На Кенноре Хельму не понравилось. Его нервировали чужие взгляды и прикосновения – находиться в центре внимания оказалось до одури неприятно. Хороший пилот, хороший охранник должен быть незаметным. А его выставили на всеобщее обозрение, да еще и хором называли героем, – ну какой он герой, какой спаситель? Глупости это все.
Светоч вел себя странно. Когда они остались наедине, Вильхельм окончательно запутался в происходящем. Версия, что Эрлиху – вот зачем только на Кенноре? – срочно понадобился донор, рухнула.
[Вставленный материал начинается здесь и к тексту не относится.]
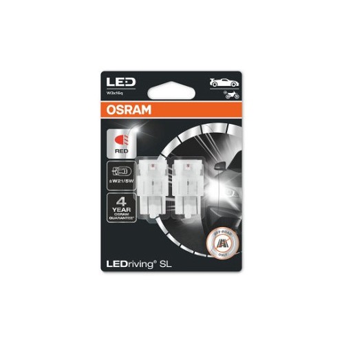 12V W3X16Qled Pirn 1.7W W21/5W Punane Ledriving Sl Blister 2Tk Osram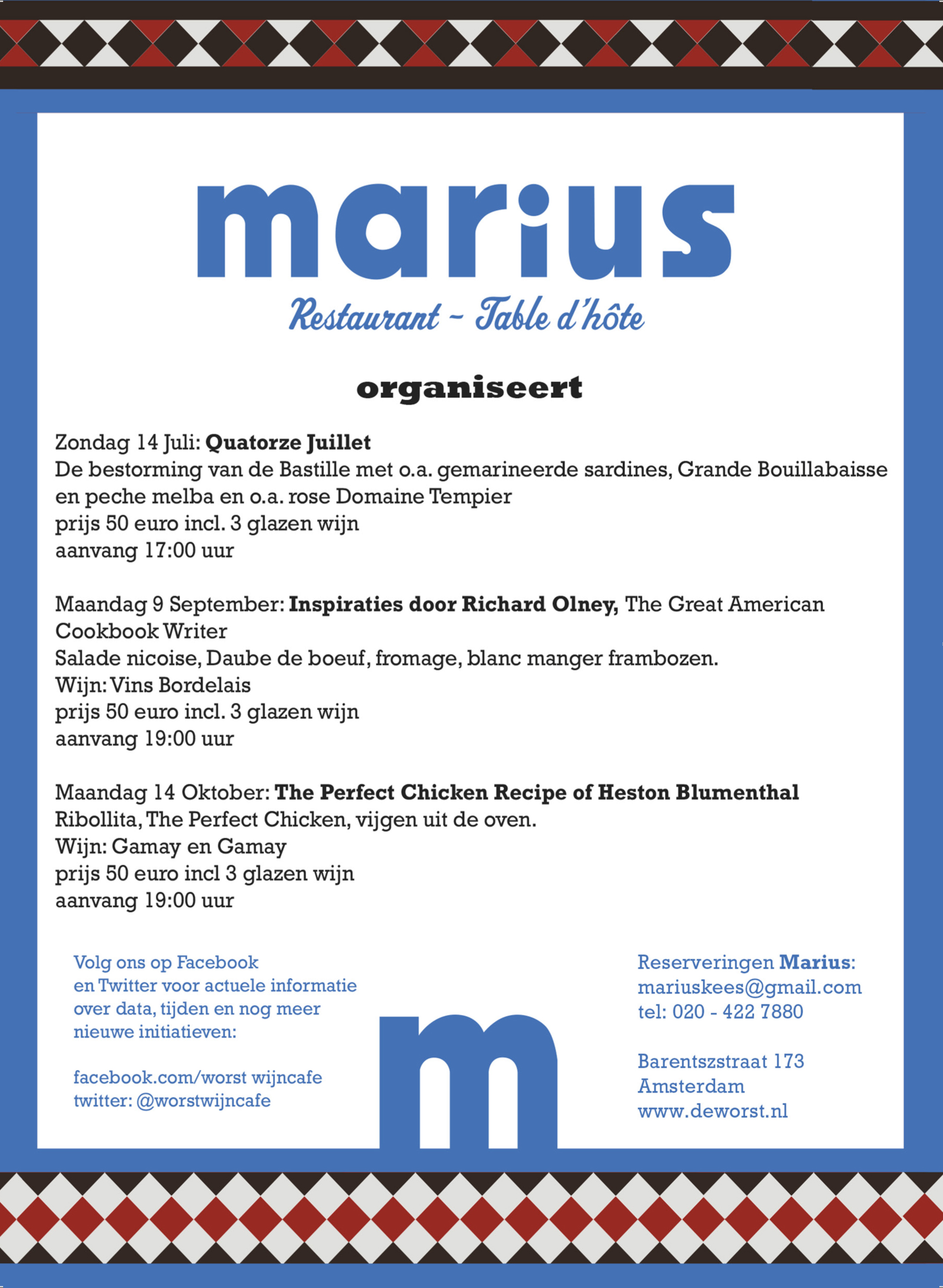 Bijzondere avonden bij restaurants Worst & Marius de komende tijd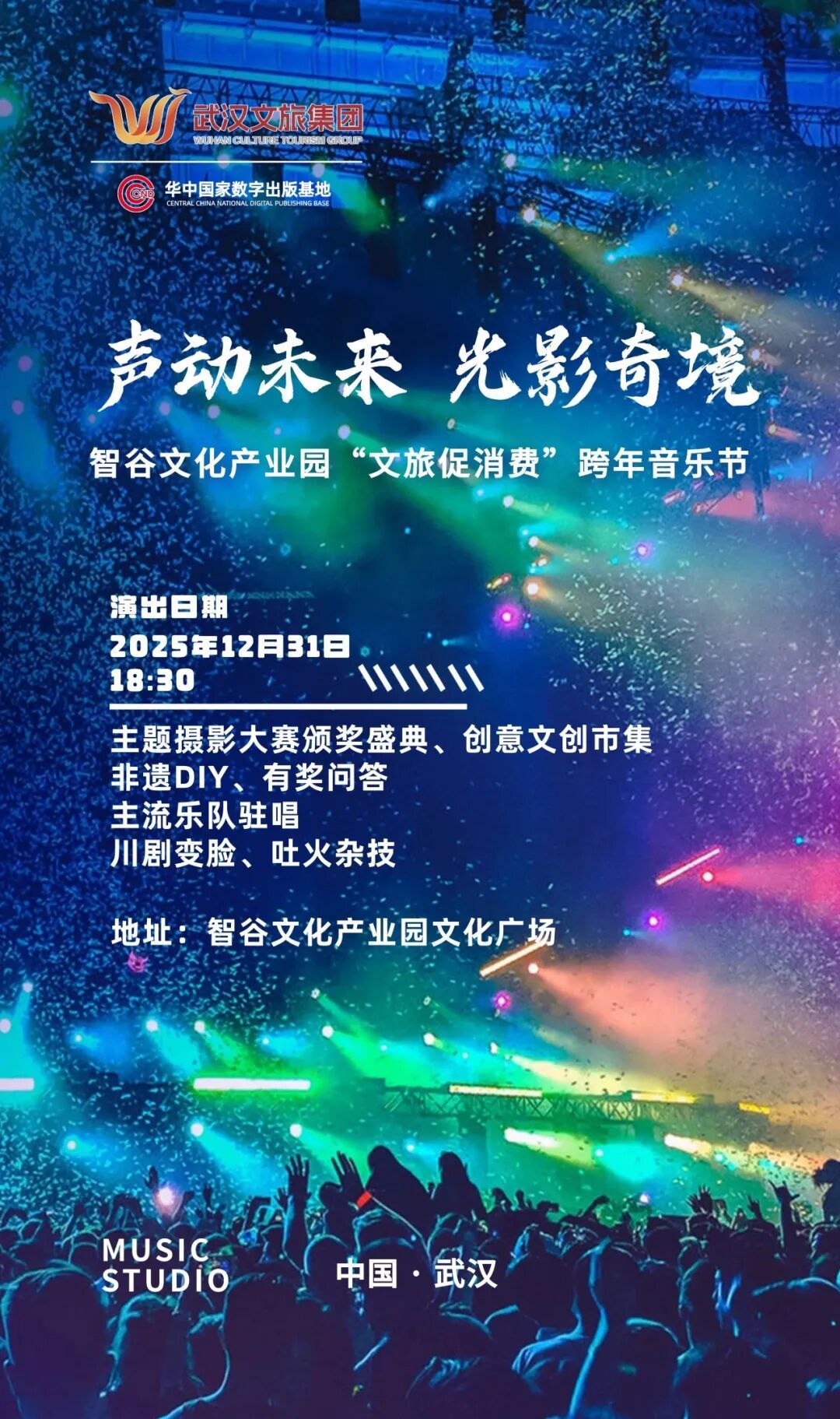 12月31日,“聲動(dòng)未來(lái)·光影奇境”2026“文旅促消費(fèi)”跨年音樂(lè)節(jié)將在智谷文化產(chǎn)業(yè)園舉行。來(lái)智谷跨年,不僅可以逛“文創(chuàng)+年貨市集”,體驗(yàn)非遺手藝、傳統(tǒng)小吃、潮玩好物,還可以伴隨小提琴演奏、搖滾樂(lè)隊(duì)演出、舞蹈、川劇變臉等精彩節(jié)目一起迎接2026年。

Светоч искрился магией, и Хельм не мог отдать ему даже каплю, при всем желании. В полный кувшин воды не дольешь – только лужи плодить.
Неожиданный поцелуй его ошеломил. Несмотря на брехню командиру, он ни на секунду не допускал того, что Эрлих вызовет его на Кеннор, чтобы изменить Юргену. В самом деле… не такое он, Вильхельм, сокровище, и без него найдется с кем потрахаться.
Понять, что происходит в этой больнице, похожей на сумасшедший дом, было невозможно. Когда светоч во время прогулки выразил желание целоваться – недвусмысленно выразил, первый полез – Хельм перестал докапываться до истины и поплыл по течению. Ему казалось, что он видит фантастический сон – Кеннор, музей Штольца, Эрлих в его объятьях.
«Хоть бы не проснуться среди серого свалочного киселя в аварийной капсуле… Не переживу, сдохну от разочарования».
Он боялся. Боялся проснуться. Боялся слишком сильно прижать светоча и доломать ему перебинтованную руку. Боялся, что его оттолкнут и насмешливо проговорят: «Ну, все, поиграли и хватит». Боялся потери контроля – очень уж хотелось повалить Эрлиха на землю и как следует ему засадить. А это было бы неправильно. Со светочем нельзя, как со шлюхой из борделя. И даже как с инструктором, обучавшим Хельма основам секса – тоже нельзя. С инструктором у него оставалось право на ошибку. А с Эрлихом такого права нет.
Светоч словно издевался – то целовал его до темных пятен перед глазами, то ласкал, избегая касаться члена, то вдруг усаживался на колени и начинал елозить задницей, в последний миг отстраняясь и не позволяя разрядиться в штаны.
В палате, стягивая с Эрлиха брюки, Вильхельм вспомнил, что прямого приказания он так и не получил. И, касаясь щекой возбужденного члена, уточнил:
– Можно?
– Хель… – простонал в ответ светоч. – Я не подозревал, что тебя будет так трудно соблазнить! Ты поразительный!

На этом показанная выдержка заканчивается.